In order to solve the above technical problems, a CN201110073978.7 programming platform system using description language in the prior art defines system requirements as corresponding function keys, and defines corresponding program blocks, where a program block includes two parts, one part is a program syntax block, and the other part is a program variable block, each program variable block corresponds to a computing mode system, and when in actual application, the program variable block performs operation according to the characteristics described by the user selecting the requirements, so as to obtain a high-level computer program system of corresponding variables.
The second CN201910738817.1 in the prior art discloses a natural language programming method and device based on a strong static scripting language, the method includes: the method comprises the steps that a front-end compiler acquires a first script and meta-information from a database, compiles the first script into a loaded editor renderer and verifies the content in the editor renderer according to the meta-information, wherein the meta-information at least comprises type information; generating a second script through the editor renderer after editing and checking, and storing the second script into a database; and the back-end interpreter acquires the second script and the meta-information from the database, compiles the second script into a runtime object, and verifies the runtime object according to the meta-information.

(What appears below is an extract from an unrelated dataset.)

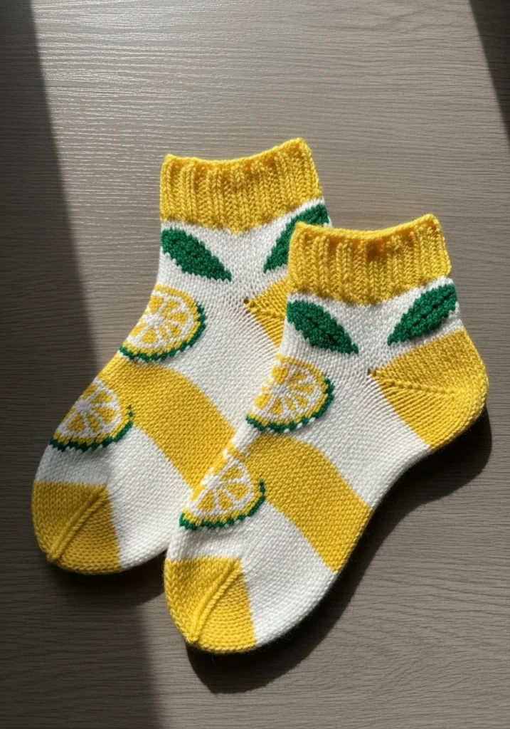 These cheerful knit ankle socks are bursting with bright yellow and crisp white stripes, finished with playful lemon slice motifs and tiny green leaves near the cuffs. They look like they were made from soft cotton blend yarn, giving them a smooth texture with just a hint of cozy stretch. The toes and heels are worked in solid sunshine yellow, which frames the fruity design and makes the colors pop even more. The stitches are neat but still have that slightly textured handmade feel that makes knit socks so charming.

The prior art three CN201910804907.6 discloses a construction method and a code generation method of a software project natural language programming interface NLI. The code generation method comprises the following steps: 1) encapsulating each of the software items as a primitive in the NLI, including: functional feature description of primitives, API call patterns, object parameters, and other parameters; 2) determining the abstract syntax tree node type corresponding to the primitive; each node type specifies child nodes and attributes owned by the type node; binding each sub-node and attribute of the node with a corresponding Java code text region, and generating an abstract syntax tree of a code by a projection editor in the process of completing NLI primitive parameters; 3) and recursively converting each node from the root node of the abstract syntax tree, inserting the attributes and the child nodes in the abstract syntax tree nodes into the vacant part in the API calling mode, and finally generating the Java code corresponding to the primitive.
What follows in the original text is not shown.